Moreover, at oral argument, appellants stated that if the District had told them that it did not know when the planned taking would occur, appellants would have no claim that a de facto taking occurred in the interim, and for a substantial part of the four-year period of delay, appellants knew from the District’s communications and non-communications that the timing of the actual taking was uncertain at best. The complaint alleges that after the initial optimistic predictions in 2005 and 2006, the Mayor informed appellants in mid-2007 that the acquisition schedule had been delayed and that DDOT had not obtained needed approval to acquire the properties. Appellants do not allege that the Mayor predicted when any missing approval would be granted or that the District subsequently told them that the District had managed to secure all necessary approvals. 5
Another important part of the context-specific analysis is that appellants do not allege facts permitting a plausible inference that the
length
of the delay for this bridge replacement project is extraordi
*547
nary. The four-year delay experienced by appellants is substantial. However, appellants allege no facts reasonably implying that it is extraordinary for the planning of a public works project of the magnitude of the replacement of the Frederick Douglass Memorial Bridge to take four years from public announcement to institution of formal eminent domain proceedings. For any major capital project like this one, planning is complex and time-consuming, environmental and other reviews take time to complete, and funding takes time to secure, especially when the District and federal governments face fiscal constraints. Appellants do not identify any comparable project in the District or in other jurisdictions that moved more quickly, much less make any factual allegations reasonably suggesting that projects of this scale
ordinarily
get underway in substantially less than four years.

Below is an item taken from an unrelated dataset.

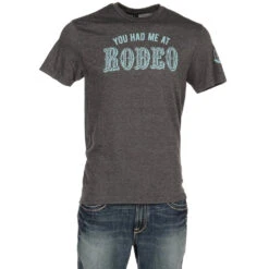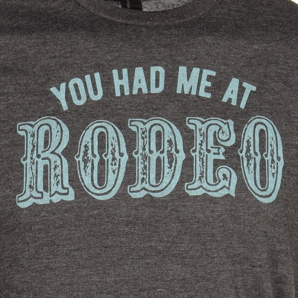 Go for a casual everyday look with our charcoal you had me at rodeo tee from Mason Jar Label!

See Bass Enterprises Production Co.,
The second problem that appellants contend supports their delay-based taking claim is that the District replaced the first appraiser because it thought his appraisals would be too high. Although the District hired a new appraiser within a month, the new appraiser allegedly had to start from scratch, delaying the appraisal process by a longer period. Appellants, however, do not allege that but for replacement of the appraiser, the District could or would have initiated formal eminent domain proceedings before appellants filed this lawsuit, so this allegation does not support a claim that the delay was extraordinary or unjustified. To the extent the District’s replacement of the original appraiser is suspicious, it would be suspicious regardless of the timing of initiation of eminent domain proceedings. As the trial court observed, appellants have a remedy for any illegitimate decision to replace the appraiser — calling the first appraiser as a witness in the eminent domain case to testify that the properties are worth more than the District claims. In any event, this allegation does not support a plausible inference that the District acted improperly or in bad faith. Appellants would be entitled to replace their appraiser if they thought his appraisals were too low, and the District has an equivalent prerogative. Appellants do not allege facts from which a plausible inference can be drawn that when the District discharged Mr. Mitchell, it believed that his expected appraisals were correct.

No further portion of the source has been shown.